El tolueno es uno de los principales compuestos del thínner, de los
limpiadores de PVC, de pegamentos y de otros solventes utilizados,
durante décadas, como drogas “inhalables”. Hasta hace unos años, no
era tan sencillo adquirir tolueno en las calles. Esto ya cambió.

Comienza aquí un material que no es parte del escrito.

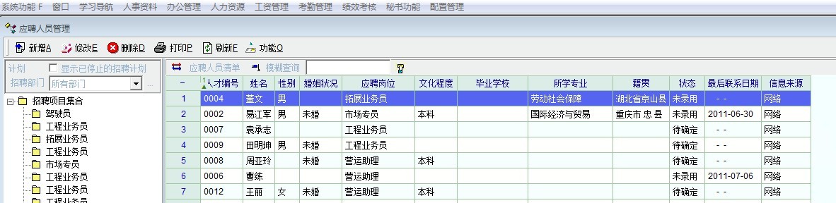如果待确定先不录,等到确定再录吗?今后还在在员工资料里录一次,在这里面不是多此一举了? 确定了的,也不用录了,员工资料里有更详细的内容。 不录用的更不用录了。 那这样看来,此项功能还有何用? |
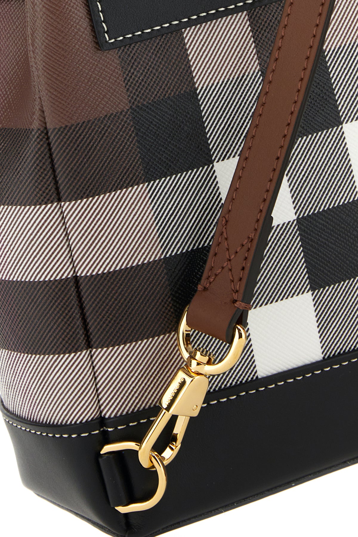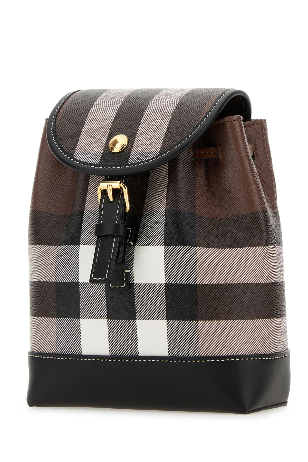 Backpack realized in coated canvas with leather inserts characterized by Check print on the entire surface enriched by logoed metal detail at the front.

Usuarios de inhalables e investigadores en adicciones reportan que
en México existe un mercado negro de tolueno. “En la Ciudad de
México, por lo menos, sabemos que existen miles de canales de
distribución de estas drogas”, dice el investigador del Instituto
Nacional de Psiquiatría, Arturo Ortiz. “Los chavos están reportando
consumos muy altos de esta sustancia, y eso sólo se pueden explicar
por lo fácil que es conseguir estos productos, tanto en comercios
establecidos (tlapalerías), como en el mercado negro”.
De Pemex al tráfico ilícito
En México, Petróleos Mexicanos es quien lo produce y vende el
tolueno a empresas de la industria química que lo usan para fabricar
pinturas, limpiadores de PVC y otros solventes.

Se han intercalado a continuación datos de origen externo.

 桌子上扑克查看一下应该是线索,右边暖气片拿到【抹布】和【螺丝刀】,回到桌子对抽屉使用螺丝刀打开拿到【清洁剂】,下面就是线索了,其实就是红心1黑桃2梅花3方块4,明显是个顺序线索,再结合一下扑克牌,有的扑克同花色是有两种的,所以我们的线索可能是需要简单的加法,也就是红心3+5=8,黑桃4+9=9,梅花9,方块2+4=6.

De enero a agosto de 2010, según cifras de la propia paraestatal, se
produjeron 122 mil toneladas de tolueno.
El profesor del Departamento de Química Orgánica de la Facultad de
Química de la UNAM y especialista en sustancias tóxicas, Benjamín
Ruiz Loyola, considera que no es difícil que exista un mercado negro
de esta sustancia derivada de petróleo. “Es posible que se dé un
robo hormiga en el momento en que se transporta”.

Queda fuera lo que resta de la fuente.